*Aim of the task*
What needs reproducing is the run of lines in the data below starting at the line with "To get started" and ending at the line with "根据YH恒州诚思信息咨询调研", both ends included. Copy it exactly, without pictures, and add nothing.

*Supplied material*

-----

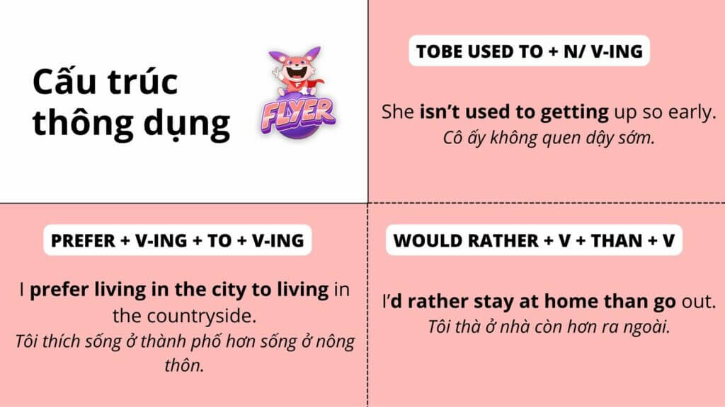 tobe used to something/ doing something | quen với cái gì/ quen làm gì đó | She isn’t used to getting up so early. Cô ấy không quen dậy sớm. We’re not used to the noise. Chúng tôi không quen với tiếng ồn. |
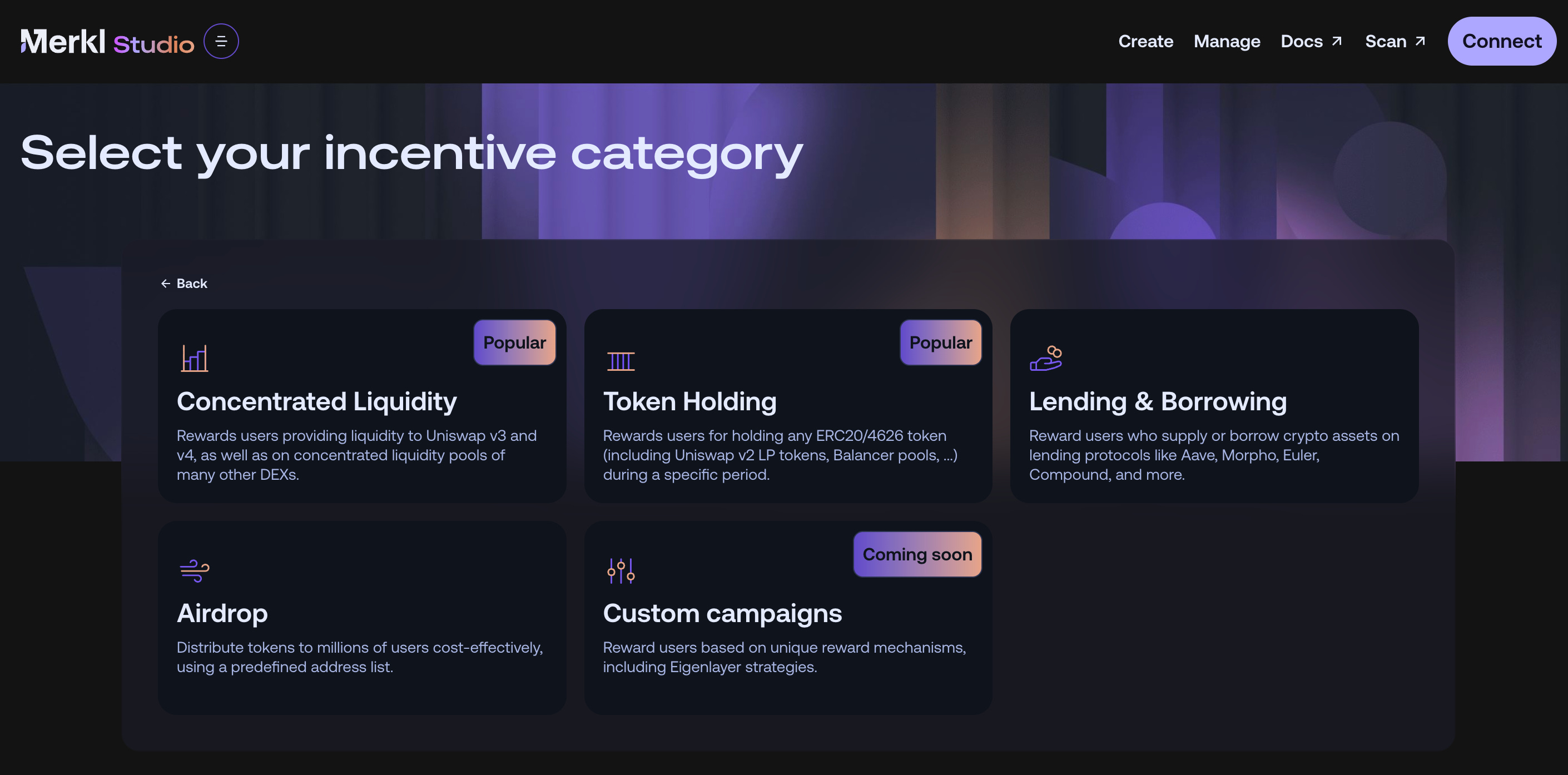 To get started here you need to select “Distribute Incentives” on the landing page or “Create campaign” on the app page and you’ll be taken to Merkl Studio.
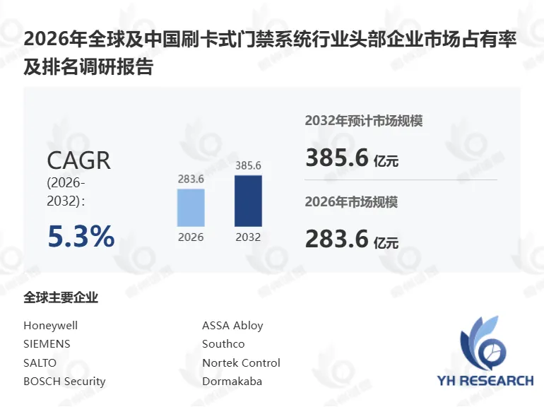 根据YH恒州诚思信息咨询调研统计,2025年全球刷卡式门禁系统市场规模约270.7亿元,预计未来将持续保持平稳增长的态势,到2032年市场规模将接近385.6亿元,未来六年CAGR为5.3%。
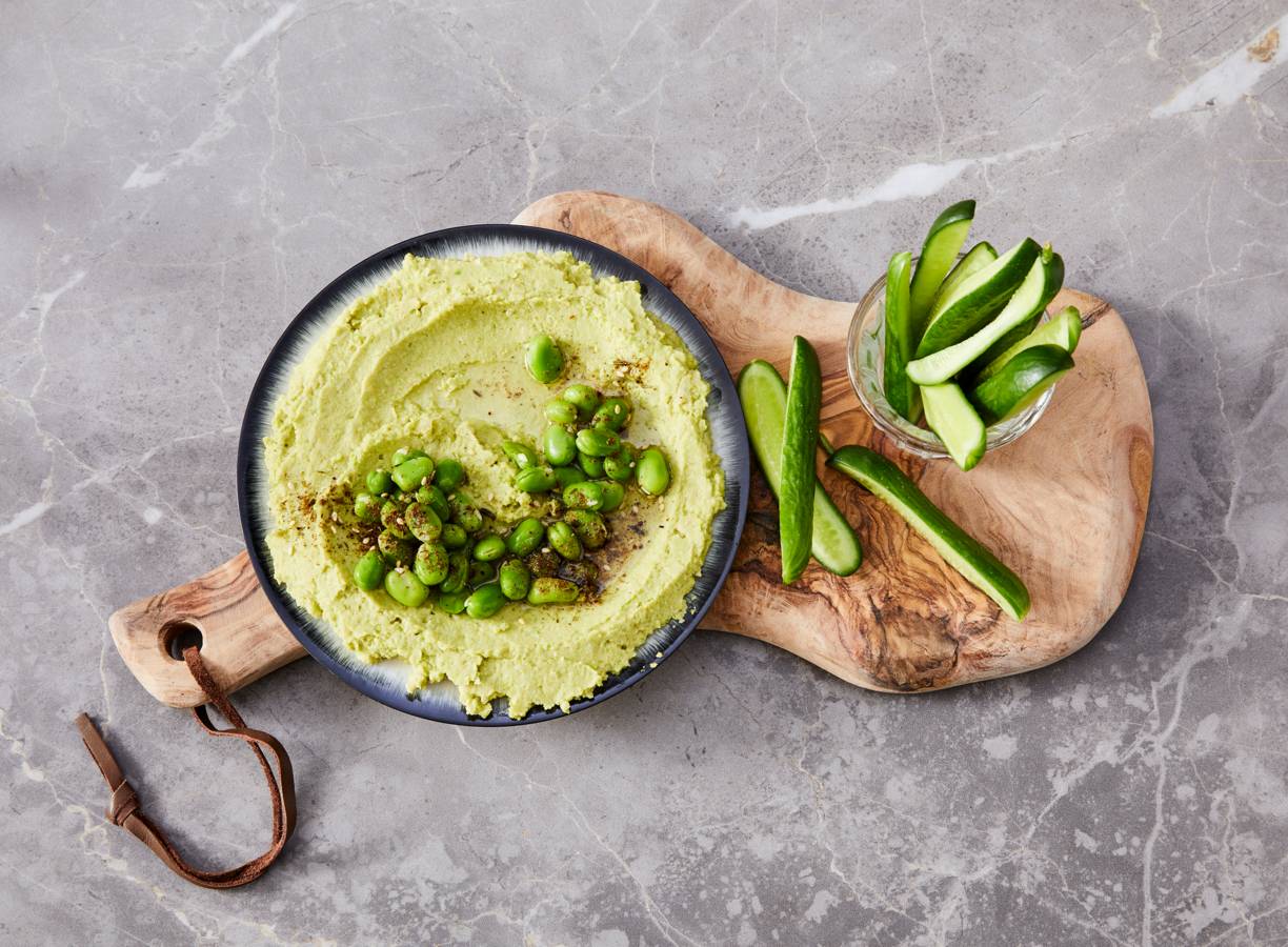 Dop de rest van de tuinbonen. Snijd de komkommers in de lengte in vieren. Schep de hummus op een plat bord, bestrooi met de gedopte tuinbonen, za’atar en besprenkel met de rest van de olie. Serveer de komkommers ernaast.

-----

*Answer to this task*
 To get started here you need to select “Distribute Incentives” on the landing page or “Create campaign” on the app page and you’ll be taken to Merkl Studio.
 根据YH恒州诚思信息咨询调研统计,2025年全球刷卡式门禁系统市场规模约270.7亿元,预计未来将持续保持平稳增长的态势,到2032年市场规模将接近385.6亿元,未来六年CAGR为5.3%。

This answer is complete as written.